The existence of non-transgenic native cassava germplasm in Brazil with zero correlation between TCC × DMC and, at the same time, with high heritability opens up important possibilities for recombining useful alleles for these two traits using simple breeding approaches, such as phenotypic selection. However, the use of more sophisticated approaches, such as genomic selection, has also shown high potential for the simultaneous rapid incorporation of useful alleles and amplification of these traits (Esuma et al. 2021). In particular, the authors of (Esuma et al. 2021) evaluated the genomic prediction capability within the baseline population for carotenoids and identified the possibility of predicting TCC and DMC in West African germplasm using this population, with mean accuracy of 0.40 and 0.34, respectively, using a G-BLUP predictive model.

Selection of biofortified cassava genotypes

The selection of 30 genotypes for recombination in the cassava breeding program was based on high TCC and low HCN content, associated with high agronomic performance. Among these genotypes were some improved cultivars from Embrapa′s biofortification program (BRS Dourada and BRS Gema de Ovo), selected for their moderate TCC values ​​(3.16 µg g− 1) associated with high yield potential (21.34 t ha− 1 FRY, 42.33% DMC.OD and 6.0 t ha− 1 DRY). In addition, the BGM-0659, BGM-0212 and BGM-2353 genotypes exhibited TCC values ​​superior to the improved cultivars (5.55 µg g− 1), with good productive potential (18.59 t ha− 1 FRY, 42.19% DMC.OD, 6.01 t ha− 1 DRY), associated with low ​​(2.81 and 3.84 for genotypes BGM-0212 and BGM-2353, respectively) and intermediate HCN values (5.63 for the BGM-0659 genotype). These promising parents will compose the crossing blocks to generate progenies with high variability for these traits, taking care to ensure that the agronomic characteristics of the crop, such as root yield, are not negatively affected. This can be proven based on the potential genetic gain for yield attributes such as PROD.DRY (22.95%), FRY (22.72%) and ShY (14.1%). Therefore, this parent panel has a high potential to generate superior and transgressive progenies.
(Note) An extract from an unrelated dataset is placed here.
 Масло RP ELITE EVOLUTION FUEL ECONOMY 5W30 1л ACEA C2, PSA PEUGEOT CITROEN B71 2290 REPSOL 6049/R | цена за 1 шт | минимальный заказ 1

The primary importance of developing cultivars with high TCC is to nutritionally enrich the diet, from the supply of β-carotene as provitamin A, through its roots. In this sense, it is expected that in the next breeding cycles, the sweet cassava cultivars with high carotenoid content will be developed, and their agronomic and organoleptic characteristics adjusted, to achieve stability of cultivation in different environments.

Final remarks

Wide genetic variability was identified in the biofortified cassava germplasm for attributes associated with root quality and agronomic performance, and the grouping of genotypes into six clearly distinct groups regarding the evaluated traits constitutes an important starting point for further conservation studies and use of these genetic resources for breeding purposes.
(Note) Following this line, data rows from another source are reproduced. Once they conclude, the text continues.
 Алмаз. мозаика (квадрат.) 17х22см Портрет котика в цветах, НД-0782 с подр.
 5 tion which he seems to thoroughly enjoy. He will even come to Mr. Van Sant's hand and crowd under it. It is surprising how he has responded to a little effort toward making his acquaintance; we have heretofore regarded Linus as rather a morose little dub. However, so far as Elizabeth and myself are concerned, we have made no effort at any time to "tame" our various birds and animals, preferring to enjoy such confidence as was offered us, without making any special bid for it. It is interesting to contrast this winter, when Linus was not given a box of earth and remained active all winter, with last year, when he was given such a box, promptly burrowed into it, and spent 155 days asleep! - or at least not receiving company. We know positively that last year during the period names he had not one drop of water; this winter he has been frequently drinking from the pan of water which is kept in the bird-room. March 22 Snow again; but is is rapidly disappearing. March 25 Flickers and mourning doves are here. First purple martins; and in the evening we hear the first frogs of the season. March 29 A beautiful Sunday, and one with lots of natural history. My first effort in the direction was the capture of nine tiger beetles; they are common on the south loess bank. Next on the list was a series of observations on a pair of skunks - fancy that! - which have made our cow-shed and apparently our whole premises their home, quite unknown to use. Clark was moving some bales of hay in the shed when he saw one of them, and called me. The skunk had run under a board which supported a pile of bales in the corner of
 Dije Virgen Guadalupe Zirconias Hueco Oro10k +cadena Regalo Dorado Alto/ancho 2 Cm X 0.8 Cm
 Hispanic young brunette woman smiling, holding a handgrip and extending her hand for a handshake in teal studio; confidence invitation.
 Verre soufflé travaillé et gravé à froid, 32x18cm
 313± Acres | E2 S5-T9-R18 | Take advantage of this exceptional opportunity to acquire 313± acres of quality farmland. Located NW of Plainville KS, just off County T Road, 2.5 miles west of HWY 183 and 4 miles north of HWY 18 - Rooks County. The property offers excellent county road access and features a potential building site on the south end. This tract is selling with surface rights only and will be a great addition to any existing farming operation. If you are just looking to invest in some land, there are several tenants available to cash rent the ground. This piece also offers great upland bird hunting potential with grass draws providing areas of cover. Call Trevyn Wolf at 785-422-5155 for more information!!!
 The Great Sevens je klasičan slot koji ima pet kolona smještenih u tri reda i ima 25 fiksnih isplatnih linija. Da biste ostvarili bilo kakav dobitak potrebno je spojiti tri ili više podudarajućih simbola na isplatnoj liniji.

The magnitudes and directions of the correlations identified between the traits with the greatest agronomic impact on the development of sweet cassava cultivars will certainly contribute to the development of better selection strategies and composition of economic weights in selection indexes.
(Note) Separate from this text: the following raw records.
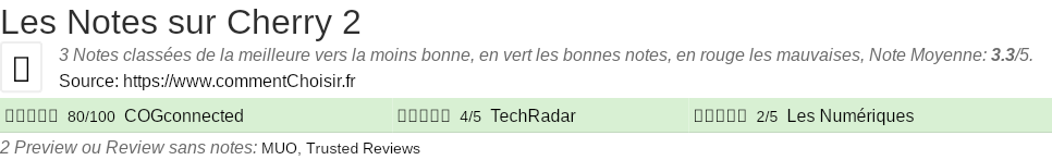 Pour mieux comparer, nous avons cherché pour vous les avantages et inconvénients de Cherry 2 et les notes données par les sites spécialisés.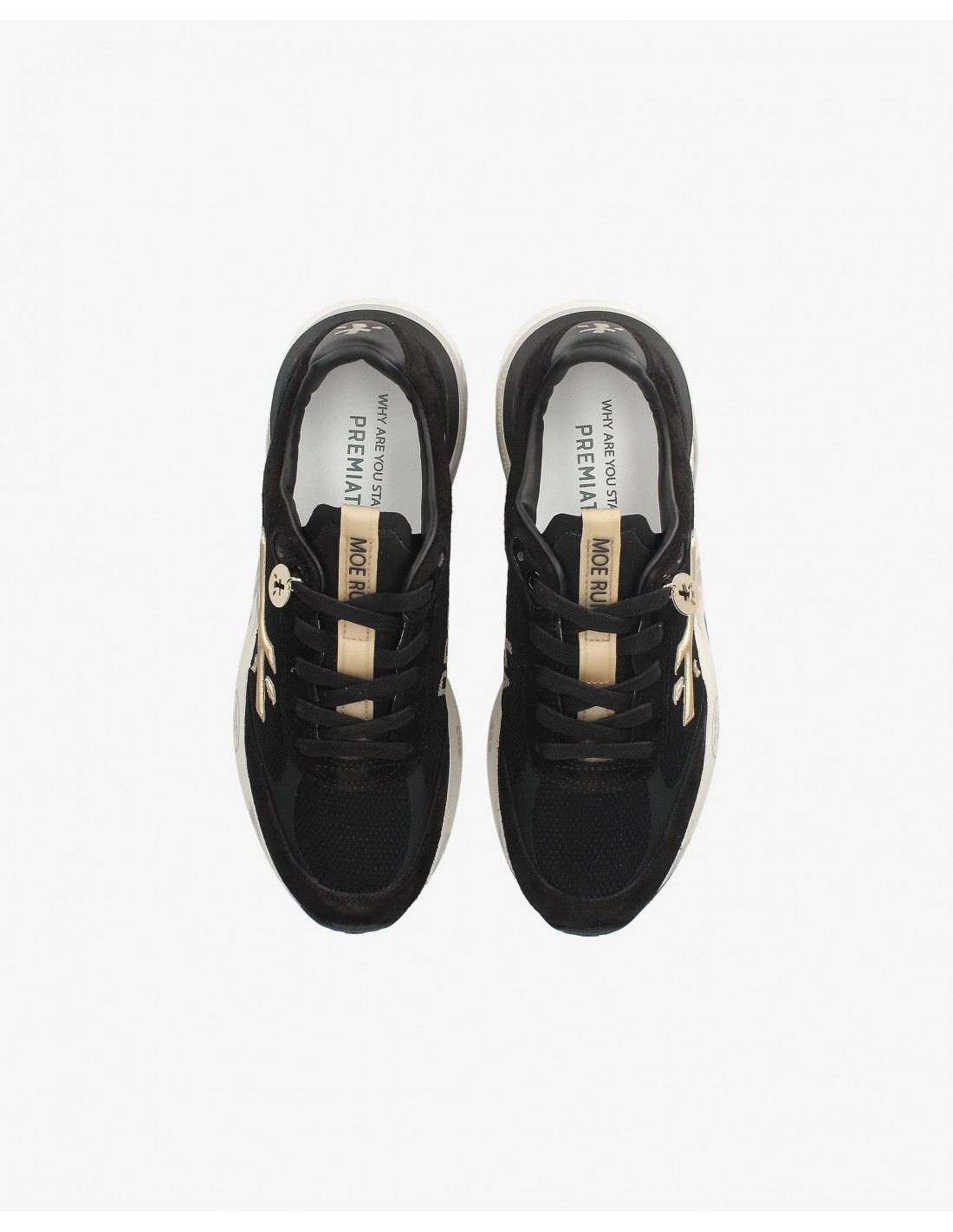 Las MOERUND 7799 de Premiata representan la perfecta fusión entre elegancia y funcionalidad. Confeccionadas en piel negra de alta calidad, destacan por su logo dorado lateral, que aporta un toque distintivo y lujoso sin renunciar a la sobriedad.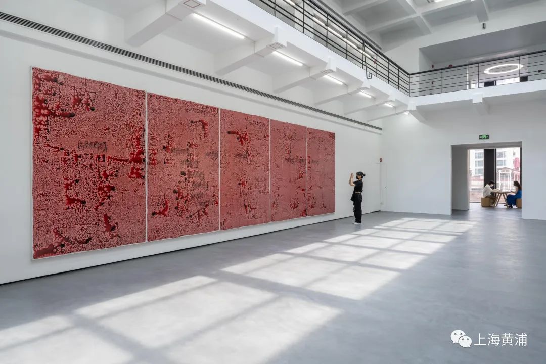 而正对它的,是一幅名为《阿尔及尔 阿尔及尔》的9米长幅画卷,大片的红色起伏之间隐见音符与五线谱。本件作品也是对阿尔及利亚歌手莉莉·博尼切创作的同名流行歌曲的致敬之作,讲述了流亡者缅怀故土和家人的故事。

The higher heritability for TCC (\({h}^{2}\) = 0.72) in cassava roots indicates that the selection of plants with this characteristic can be initiated at earlier stages of the breeding program in which there are non-replicated clones grown in only one environment, such as the seedling evaluation phase and clonal evaluation trial. However, for low or medium heritability traits such as DMC, selection should be initiated in trials that allow the evaluation with repetition within clones and in different environments, such as preliminary, advanced, and regional yield trials.

The 30 genotypes selected as parents for recombination in the biofortified sweet cassava program will allow the achievement of important and simultaneous genetic gains, especially for TCC (27.05%), DMC (2.44%), FRY (22.72%), DRY (22.95%) and HCN (-23.03%).